__Task objective__: Transcribe exactly the line containing "Moltiplicatore ad ingranaggi, Convogliatore" and each line after it, through the end of the entries, with nothing before or after.

__Dataset records__:
━━━━━━━━━━━━━━━━━━━━
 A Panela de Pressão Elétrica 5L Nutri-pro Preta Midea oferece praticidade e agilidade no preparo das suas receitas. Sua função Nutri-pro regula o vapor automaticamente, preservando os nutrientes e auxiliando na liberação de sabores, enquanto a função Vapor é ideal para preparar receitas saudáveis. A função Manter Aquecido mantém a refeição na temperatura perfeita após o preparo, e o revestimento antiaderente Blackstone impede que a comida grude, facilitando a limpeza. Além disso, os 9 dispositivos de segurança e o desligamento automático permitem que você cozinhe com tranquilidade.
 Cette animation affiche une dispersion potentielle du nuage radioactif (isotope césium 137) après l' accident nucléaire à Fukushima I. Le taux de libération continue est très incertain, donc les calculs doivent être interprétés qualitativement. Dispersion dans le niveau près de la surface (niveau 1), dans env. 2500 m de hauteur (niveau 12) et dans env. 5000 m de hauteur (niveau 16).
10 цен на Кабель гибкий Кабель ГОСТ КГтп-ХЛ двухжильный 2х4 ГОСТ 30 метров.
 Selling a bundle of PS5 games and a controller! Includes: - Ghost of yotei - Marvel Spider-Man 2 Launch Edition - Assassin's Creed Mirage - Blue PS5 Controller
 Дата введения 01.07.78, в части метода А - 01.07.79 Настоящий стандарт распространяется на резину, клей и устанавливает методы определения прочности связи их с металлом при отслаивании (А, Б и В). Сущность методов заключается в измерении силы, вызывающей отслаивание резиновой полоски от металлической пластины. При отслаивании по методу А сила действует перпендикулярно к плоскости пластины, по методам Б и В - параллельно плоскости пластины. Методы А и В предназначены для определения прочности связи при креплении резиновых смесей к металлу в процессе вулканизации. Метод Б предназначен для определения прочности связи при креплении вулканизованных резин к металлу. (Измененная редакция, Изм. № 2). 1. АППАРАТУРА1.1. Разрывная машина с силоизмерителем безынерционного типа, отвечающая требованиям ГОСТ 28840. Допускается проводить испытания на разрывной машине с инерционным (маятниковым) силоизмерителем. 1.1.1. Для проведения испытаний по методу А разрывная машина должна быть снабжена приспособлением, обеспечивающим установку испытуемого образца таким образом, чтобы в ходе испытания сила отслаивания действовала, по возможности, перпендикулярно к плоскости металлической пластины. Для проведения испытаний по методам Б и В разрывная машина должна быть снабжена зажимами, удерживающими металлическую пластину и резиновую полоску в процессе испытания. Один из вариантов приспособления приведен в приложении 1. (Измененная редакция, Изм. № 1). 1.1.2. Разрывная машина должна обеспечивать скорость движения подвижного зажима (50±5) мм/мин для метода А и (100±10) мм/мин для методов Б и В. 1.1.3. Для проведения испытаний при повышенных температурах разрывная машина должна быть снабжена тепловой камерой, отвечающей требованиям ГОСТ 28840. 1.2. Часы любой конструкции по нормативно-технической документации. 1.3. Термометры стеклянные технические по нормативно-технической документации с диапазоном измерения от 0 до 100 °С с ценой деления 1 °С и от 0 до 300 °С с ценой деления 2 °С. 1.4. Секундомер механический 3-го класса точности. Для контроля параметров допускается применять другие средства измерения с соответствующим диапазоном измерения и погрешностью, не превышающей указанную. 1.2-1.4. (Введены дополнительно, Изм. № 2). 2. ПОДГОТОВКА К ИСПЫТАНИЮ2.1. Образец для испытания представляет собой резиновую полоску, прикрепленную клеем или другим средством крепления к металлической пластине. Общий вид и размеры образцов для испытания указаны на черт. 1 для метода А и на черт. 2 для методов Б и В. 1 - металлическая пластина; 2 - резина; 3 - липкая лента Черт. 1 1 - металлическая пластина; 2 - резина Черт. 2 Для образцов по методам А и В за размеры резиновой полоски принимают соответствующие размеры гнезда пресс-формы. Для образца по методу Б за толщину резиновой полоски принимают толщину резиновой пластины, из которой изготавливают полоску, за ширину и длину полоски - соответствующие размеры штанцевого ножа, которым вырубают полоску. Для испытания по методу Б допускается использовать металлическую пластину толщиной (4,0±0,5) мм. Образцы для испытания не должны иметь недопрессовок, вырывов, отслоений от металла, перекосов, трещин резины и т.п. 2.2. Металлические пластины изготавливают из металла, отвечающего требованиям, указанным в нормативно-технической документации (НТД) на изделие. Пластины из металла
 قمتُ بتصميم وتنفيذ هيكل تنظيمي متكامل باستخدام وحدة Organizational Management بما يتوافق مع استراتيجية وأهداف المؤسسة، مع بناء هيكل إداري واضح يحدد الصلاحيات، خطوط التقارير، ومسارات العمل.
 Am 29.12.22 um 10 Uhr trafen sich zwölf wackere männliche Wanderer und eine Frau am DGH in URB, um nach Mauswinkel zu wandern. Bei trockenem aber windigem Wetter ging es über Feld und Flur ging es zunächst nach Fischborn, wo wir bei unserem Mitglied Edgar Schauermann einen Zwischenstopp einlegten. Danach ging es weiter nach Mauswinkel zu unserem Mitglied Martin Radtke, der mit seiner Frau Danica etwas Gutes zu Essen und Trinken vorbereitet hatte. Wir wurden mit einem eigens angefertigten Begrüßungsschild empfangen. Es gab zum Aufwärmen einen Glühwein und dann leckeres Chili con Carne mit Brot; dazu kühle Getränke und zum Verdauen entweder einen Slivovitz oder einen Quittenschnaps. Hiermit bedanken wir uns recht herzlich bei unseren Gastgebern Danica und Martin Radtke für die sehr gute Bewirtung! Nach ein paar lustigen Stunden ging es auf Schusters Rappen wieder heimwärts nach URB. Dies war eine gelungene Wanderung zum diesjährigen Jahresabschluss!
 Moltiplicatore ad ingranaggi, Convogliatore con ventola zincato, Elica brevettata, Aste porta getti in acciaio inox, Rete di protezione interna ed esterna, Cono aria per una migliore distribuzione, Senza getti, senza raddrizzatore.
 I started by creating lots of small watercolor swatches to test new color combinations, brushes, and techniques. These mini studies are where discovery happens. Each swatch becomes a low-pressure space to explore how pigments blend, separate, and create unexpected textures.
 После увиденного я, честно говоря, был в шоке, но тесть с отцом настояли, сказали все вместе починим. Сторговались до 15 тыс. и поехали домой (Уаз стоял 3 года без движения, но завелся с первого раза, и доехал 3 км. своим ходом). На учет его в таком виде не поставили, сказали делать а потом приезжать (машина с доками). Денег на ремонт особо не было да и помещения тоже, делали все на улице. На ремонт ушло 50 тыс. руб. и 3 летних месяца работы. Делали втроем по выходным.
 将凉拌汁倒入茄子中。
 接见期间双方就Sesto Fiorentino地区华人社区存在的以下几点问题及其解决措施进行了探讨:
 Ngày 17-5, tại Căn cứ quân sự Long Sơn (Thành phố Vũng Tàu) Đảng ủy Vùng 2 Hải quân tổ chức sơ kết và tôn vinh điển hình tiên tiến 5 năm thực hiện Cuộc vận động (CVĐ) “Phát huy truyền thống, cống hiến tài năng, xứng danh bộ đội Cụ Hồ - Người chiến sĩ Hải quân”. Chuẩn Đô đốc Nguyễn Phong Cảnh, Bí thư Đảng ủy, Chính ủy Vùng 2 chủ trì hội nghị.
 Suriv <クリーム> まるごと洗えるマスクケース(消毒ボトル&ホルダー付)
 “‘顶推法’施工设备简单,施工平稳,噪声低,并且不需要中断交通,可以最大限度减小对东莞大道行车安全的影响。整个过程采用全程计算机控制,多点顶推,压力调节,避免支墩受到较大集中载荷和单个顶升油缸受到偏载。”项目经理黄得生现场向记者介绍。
━━━━━━━━━━━━━━━━━━━━
__Task output__:
 Moltiplicatore ad ingranaggi, Convogliatore con ventola zincato, Elica brevettata, Aste porta getti in acciaio inox, Rete di protezione interna ed esterna, Cono aria per una migliore distribuzione, Senza getti, senza raddrizzatore.
 I started by creating lots of small watercolor swatches to test new color combinations, brushes, and techniques. These mini studies are where discovery happens. Each swatch becomes a low-pressure space to explore how pigments blend, separate, and create unexpected textures.
 После увиденного я, честно говоря, был в шоке, но тесть с отцом настояли, сказали все вместе починим. Сторговались до 15 тыс. и поехали домой (Уаз стоял 3 года без движения, но завелся с первого раза, и доехал 3 км. своим ходом). На учет его в таком виде не поставили, сказали делать а потом приезжать (машина с доками). Денег на ремонт особо не было да и помещения тоже, делали все на улице. На ремонт ушло 50 тыс. руб. и 3 летних месяца работы. Делали втроем по выходным.
 将凉拌汁倒入茄子中。
 接见期间双方就Sesto Fiorentino地区华人社区存在的以下几点问题及其解决措施进行了探讨:
 Ngày 17-5, tại Căn cứ quân sự Long Sơn (Thành phố Vũng Tàu) Đảng ủy Vùng 2 Hải quân tổ chức sơ kết và tôn vinh điển hình tiên tiến 5 năm thực hiện Cuộc vận động (CVĐ) “Phát huy truyền thống, cống hiến tài năng, xứng danh bộ đội Cụ Hồ - Người chiến sĩ Hải quân”. Chuẩn Đô đốc Nguyễn Phong Cảnh, Bí thư Đảng ủy, Chính ủy Vùng 2 chủ trì hội nghị.
 Suriv <クリーム> まるごと洗えるマスクケース(消毒ボトル&ホルダー付)
 “‘顶推法’施工设备简单,施工平稳,噪声低,并且不需要中断交通,可以最大限度减小对东莞大道行车安全的影响。整个过程采用全程计算机控制,多点顶推,压力调节,避免支墩受到较大集中载荷和单个顶升油缸受到偏载。”项目经理黄得生现场向记者介绍。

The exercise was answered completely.